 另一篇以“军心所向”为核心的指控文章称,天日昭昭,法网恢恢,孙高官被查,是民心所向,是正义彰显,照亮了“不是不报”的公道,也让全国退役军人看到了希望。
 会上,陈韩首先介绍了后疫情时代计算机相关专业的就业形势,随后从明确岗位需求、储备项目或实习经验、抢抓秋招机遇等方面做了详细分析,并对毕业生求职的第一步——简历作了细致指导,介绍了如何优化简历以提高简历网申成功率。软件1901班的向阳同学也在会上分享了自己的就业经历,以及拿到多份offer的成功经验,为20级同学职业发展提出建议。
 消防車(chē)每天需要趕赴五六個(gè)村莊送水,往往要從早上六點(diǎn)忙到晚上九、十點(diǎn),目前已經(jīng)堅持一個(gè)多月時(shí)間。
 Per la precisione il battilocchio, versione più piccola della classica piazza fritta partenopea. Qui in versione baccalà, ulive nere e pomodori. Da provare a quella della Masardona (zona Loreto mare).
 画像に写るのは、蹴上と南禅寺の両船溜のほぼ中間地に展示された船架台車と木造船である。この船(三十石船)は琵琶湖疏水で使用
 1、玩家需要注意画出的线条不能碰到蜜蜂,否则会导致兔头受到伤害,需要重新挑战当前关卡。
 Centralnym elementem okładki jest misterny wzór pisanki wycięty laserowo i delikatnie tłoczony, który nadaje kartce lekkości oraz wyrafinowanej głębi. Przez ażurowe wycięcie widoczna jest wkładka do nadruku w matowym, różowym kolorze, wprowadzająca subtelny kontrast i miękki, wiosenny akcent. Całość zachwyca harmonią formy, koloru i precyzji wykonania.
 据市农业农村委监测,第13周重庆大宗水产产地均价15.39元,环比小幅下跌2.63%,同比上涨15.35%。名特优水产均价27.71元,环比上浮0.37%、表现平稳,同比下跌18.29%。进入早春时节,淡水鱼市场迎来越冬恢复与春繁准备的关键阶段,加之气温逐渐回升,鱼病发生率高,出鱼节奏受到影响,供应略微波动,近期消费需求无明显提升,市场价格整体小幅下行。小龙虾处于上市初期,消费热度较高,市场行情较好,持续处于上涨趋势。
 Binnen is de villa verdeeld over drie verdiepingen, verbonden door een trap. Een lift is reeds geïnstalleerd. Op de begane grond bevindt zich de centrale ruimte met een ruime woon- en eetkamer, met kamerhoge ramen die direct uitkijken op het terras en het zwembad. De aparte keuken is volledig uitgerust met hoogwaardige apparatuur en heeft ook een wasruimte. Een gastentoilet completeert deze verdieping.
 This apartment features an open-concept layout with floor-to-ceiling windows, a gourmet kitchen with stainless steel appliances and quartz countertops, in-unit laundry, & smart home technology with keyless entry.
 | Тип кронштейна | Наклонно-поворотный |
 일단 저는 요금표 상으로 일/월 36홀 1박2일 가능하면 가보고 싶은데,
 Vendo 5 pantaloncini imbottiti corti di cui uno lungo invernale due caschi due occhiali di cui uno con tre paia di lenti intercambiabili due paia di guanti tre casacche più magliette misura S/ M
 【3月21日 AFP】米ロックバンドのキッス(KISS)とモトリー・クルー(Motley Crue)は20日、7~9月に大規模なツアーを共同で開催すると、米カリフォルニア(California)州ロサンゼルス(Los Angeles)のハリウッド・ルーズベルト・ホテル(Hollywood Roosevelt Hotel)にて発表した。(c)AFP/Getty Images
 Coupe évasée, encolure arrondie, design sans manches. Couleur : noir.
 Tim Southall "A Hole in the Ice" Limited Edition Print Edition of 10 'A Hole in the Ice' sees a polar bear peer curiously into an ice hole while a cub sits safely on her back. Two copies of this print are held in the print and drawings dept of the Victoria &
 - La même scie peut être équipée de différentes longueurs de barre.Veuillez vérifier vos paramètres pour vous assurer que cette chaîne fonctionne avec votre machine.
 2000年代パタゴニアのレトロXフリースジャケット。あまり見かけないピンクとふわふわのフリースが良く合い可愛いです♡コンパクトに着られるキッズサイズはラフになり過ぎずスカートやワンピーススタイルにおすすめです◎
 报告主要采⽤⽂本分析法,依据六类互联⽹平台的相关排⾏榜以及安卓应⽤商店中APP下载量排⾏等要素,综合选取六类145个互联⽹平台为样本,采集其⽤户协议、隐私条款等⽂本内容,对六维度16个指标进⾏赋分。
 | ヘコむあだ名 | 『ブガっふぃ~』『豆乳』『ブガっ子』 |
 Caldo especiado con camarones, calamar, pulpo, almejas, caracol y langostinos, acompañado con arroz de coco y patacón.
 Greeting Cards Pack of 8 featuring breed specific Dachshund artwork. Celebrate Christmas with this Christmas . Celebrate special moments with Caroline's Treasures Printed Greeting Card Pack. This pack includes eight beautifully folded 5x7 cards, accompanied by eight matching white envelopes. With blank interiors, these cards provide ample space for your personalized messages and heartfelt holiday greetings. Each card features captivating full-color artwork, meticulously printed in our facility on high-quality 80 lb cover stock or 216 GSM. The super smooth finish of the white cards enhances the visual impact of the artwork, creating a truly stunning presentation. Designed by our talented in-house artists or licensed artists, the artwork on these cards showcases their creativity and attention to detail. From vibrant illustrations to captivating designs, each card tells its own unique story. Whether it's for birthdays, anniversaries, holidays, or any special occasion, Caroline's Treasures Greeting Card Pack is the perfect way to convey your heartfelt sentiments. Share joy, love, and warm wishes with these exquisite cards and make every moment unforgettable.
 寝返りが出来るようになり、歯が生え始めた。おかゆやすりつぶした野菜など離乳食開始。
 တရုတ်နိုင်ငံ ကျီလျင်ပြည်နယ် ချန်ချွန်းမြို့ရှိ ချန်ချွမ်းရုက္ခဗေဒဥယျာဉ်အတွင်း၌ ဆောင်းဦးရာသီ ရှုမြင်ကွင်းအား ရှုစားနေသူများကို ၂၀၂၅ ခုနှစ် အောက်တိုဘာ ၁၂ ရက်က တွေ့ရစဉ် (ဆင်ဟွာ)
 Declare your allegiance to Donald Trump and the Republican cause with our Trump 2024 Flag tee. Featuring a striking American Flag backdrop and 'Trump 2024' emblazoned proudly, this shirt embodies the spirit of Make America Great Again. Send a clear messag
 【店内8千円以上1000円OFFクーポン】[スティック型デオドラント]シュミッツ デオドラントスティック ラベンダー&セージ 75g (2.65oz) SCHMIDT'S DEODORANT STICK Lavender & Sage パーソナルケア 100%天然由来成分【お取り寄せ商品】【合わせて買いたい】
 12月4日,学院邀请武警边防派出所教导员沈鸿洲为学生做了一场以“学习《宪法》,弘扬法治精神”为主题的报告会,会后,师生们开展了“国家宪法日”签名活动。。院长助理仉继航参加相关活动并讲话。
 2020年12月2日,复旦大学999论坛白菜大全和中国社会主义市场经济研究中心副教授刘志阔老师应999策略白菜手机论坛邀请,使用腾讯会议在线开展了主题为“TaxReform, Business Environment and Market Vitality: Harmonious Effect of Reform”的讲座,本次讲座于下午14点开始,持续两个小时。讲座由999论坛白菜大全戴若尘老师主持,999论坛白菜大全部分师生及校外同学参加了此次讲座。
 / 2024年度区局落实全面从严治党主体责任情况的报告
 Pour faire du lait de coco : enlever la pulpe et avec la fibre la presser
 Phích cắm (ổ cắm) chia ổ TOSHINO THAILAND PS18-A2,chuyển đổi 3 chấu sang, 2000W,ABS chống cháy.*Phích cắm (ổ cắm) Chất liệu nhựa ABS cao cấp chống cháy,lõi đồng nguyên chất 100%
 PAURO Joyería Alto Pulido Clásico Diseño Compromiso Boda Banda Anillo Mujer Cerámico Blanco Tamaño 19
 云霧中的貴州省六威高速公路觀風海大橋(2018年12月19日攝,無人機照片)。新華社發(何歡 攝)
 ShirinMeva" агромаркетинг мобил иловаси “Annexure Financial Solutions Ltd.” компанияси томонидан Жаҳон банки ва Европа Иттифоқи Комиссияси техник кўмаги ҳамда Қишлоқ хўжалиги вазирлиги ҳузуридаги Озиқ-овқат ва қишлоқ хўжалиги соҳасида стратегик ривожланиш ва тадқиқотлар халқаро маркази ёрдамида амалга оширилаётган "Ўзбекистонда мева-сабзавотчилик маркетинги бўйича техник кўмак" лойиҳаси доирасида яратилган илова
--------
* YOUR INSTRUCTIONS
Show the lines of the records that contain the word "avec".

* TASK OUTPUT
 - La même scie peut être équipée de différentes longueurs de barre.Veuillez vérifier vos paramètres pour vous assurer que cette chaîne fonctionne avec votre machine.
 Pour faire du lait de coco : enlever la pulpe et avec la fibre la presser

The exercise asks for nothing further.